But also I think options
for Zimbabweans who could go out of the country as economic and
political refugees are going to shrink even further, so there is
going to be a lot less patience. I don't think we should focus
more on whether or not Mugabe will agree or not. I don't think
he has any particular choice at the moment. I don't think
that his African colleagues within SADC and the African Union broadly
are going to be tolerating a lot his gamesmanship that we have seen.
Gonda:
What about the historic election victory of Barack Obama as America
's first black President. Obviously he has so many problems
to deal with in his country and the rest of the world but what sort
of implication would an Obama presidency have on a country like
Zimbabwe ?
Kagoro:
I think it recreates hope that has long been lost in electoral democracy,
liberal democracy. Liberal democracy of course does not always result
in economic redistribution. So in a sense I think what the Obama
victory does is the symbolism and creates the impression that you
don't necessarily have to have war credentials to run a country,
because America like Zimbabwe had been fixated with this war veteran
issue.
Secondly, Obama is fairly
young and so it begins to push parameters of the need for the youth
of the continent and of Zimbabwe to enter politics and play a critical
determinant role.
And the third issue of
course is that there will be a renewed focus on the end to tyranny,
despotism, dictatorship and human rights violations and many are
going to find themselves pretty lonely if they do not comply with
these increasing global expectations. And we don't just see
it as an Obama victory we see it in its symbolic form as a history
being made for the entire black race.
So one can celebrate
the Obama victory - be cautious of the limitations of structural
economic change. But structural economic change has often relied
and dependent on the energising of a people and creating the impression
that their potential can be tapped towards a positive end. Presently
the potential of Zimbabweans has been dissipated and the positive
energy required to recreate a country - a country's
vision and a country's impetus towards its self development
has been squandered by cheap politics and sometimes just bad management,
corruption and brutality
Gonda:
Do you see him implementing the same policies as President Bush
where Zimbabwe is concerned - you know the sanctions or do you see
him intensifying the diplomatic effort with the African Union or
SADC to apply more pressure on the regime?
Kagoro:
I think that the dilemma of America politics is Obama only assumes
real after the 20 th of January in 2009 and American policy shifts
rather slowly - I think this is the burden of their democratic
system. So there is unlikely to be a shift in the Bush policies
at least in the immediate sense.
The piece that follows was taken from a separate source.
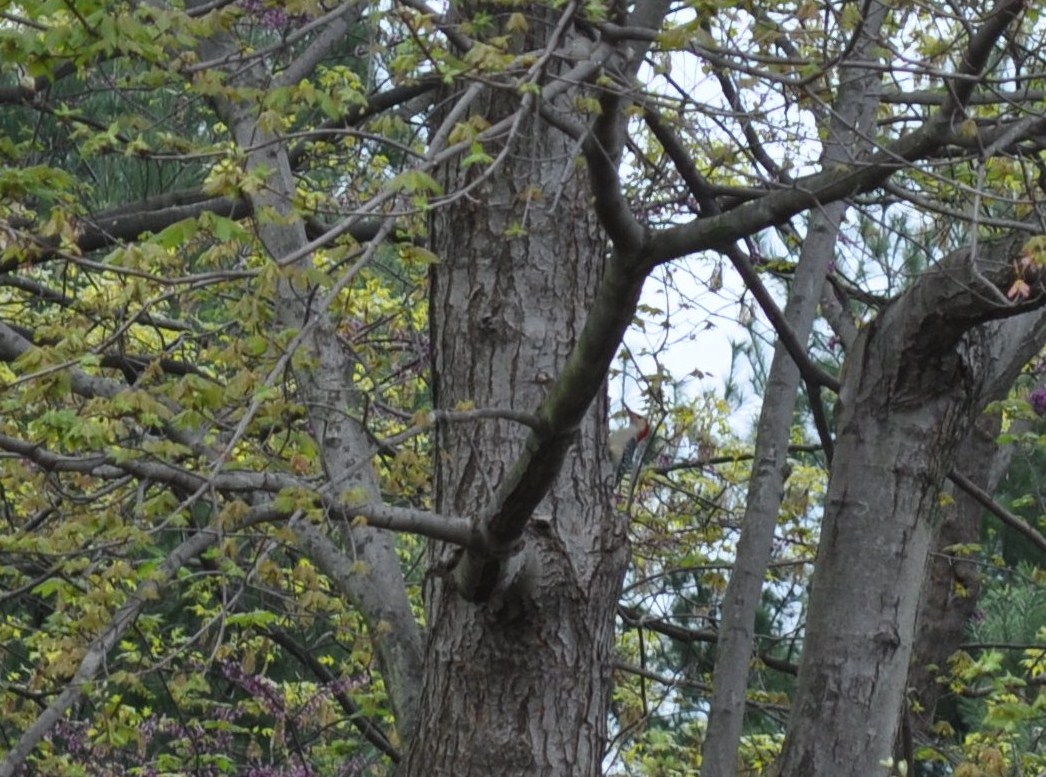 So is my red bellied, but he decided to run up the tree when he saw the glint of the camera. Can you find him up there?

But Obama as an individual has
shown a disposition towards diplomatic engagement, subtle forms
of pressure and also the ability to give due recognition to bodies
such as the African Union and other actors who could actually bring
about positive processes that might facilitate change in Zimbabwe.
I am opposed personally
to foreign intervention of the Bush type but because of the dilemma
within Zimbabwe that is why I have insisted that the African Union
must act decisively - must take both a moral and legal position
on whether or not the June election was legal. If it was an illegal
election according to their standards then they must declare that
there is no duly elected government in Zimbabwe . The premise for
negotiations then becomes the election in which no candidate got
the required 51% and then the only logical, legal conclusion would
require a re-run. And the context of the June election tells us
that such a re-run must be closely monitored and internationally
supervised to avoid the will of the electorate being usurped or
undermined through violence and thuggery.
Gonda:
But Brian do you realistically think that SADC or the African Union
can do more than what it is doing right now because critics say
these two bodies don't have the guts to confront Robert Mugabe
and didn't even have the guts to confront him on his appalling
human rights and democratic record?
Kagoro:
I think that diplomacy by its very nature is a limiting but also
an empowering fact. The laws that govern relations between nations
have two sets; the one that insists on non intervention in the internal
affairs of a sovereign country. The second one is the agreed principle
of the responsibility to protect - that suggests that humanitarian
reasons and human rights reasons merit the limitation of sovereignty
to a certain extent. The rules under which you actually get to limit
such sovereignty are cumbersome and almost impossible to operate.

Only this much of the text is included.